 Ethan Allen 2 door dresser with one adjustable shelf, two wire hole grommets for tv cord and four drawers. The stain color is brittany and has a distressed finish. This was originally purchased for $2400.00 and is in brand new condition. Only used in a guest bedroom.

--

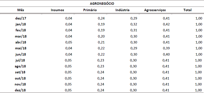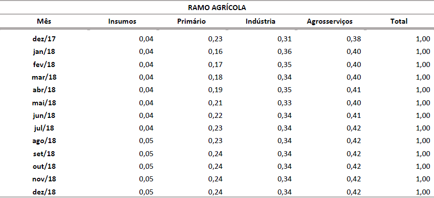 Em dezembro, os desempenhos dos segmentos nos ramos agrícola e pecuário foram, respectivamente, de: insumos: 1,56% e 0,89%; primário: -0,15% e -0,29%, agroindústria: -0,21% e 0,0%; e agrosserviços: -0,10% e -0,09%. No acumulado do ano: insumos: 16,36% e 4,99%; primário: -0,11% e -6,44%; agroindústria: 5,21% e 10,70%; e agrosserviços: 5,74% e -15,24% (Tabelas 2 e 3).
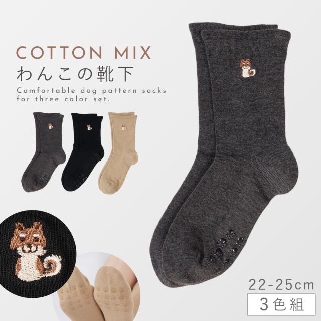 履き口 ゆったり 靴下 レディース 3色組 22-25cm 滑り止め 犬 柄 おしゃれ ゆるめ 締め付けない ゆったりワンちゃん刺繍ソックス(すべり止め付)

* * *

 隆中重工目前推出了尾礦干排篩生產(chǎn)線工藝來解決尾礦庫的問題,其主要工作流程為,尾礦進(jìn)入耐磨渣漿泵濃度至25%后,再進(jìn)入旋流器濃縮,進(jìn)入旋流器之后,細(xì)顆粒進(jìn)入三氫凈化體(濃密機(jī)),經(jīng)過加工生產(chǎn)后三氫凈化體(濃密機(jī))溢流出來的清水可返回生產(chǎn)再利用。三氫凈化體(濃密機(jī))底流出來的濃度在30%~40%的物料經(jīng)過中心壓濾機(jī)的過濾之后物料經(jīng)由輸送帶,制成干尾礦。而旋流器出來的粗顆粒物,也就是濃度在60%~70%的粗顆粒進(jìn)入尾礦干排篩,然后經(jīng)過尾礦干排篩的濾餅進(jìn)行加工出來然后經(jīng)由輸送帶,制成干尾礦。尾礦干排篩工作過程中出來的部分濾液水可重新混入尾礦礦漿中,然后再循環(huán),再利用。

▶ Exercise requirements
Starting with the line that contains "Em dezembro, os" and finishing with the line that contains "履き口 ゆったり 靴下", reproduce every line of the material above exactly, but not the pictures.

▶ Solution to the problem
 Em dezembro, os desempenhos dos segmentos nos ramos agrícola e pecuário foram, respectivamente, de: insumos: 1,56% e 0,89%; primário: -0,15% e -0,29%, agroindústria: -0,21% e 0,0%; e agrosserviços: -0,10% e -0,09%. No acumulado do ano: insumos: 16,36% e 4,99%; primário: -0,11% e -6,44%; agroindústria: 5,21% e 10,70%; e agrosserviços: 5,74% e -15,24% (Tabelas 2 e 3).
 履き口 ゆったり 靴下 レディース 3色組 22-25cm 滑り止め 犬 柄 おしゃれ ゆるめ 締め付けない ゆったりワンちゃん刺繍ソックス(すべり止め付)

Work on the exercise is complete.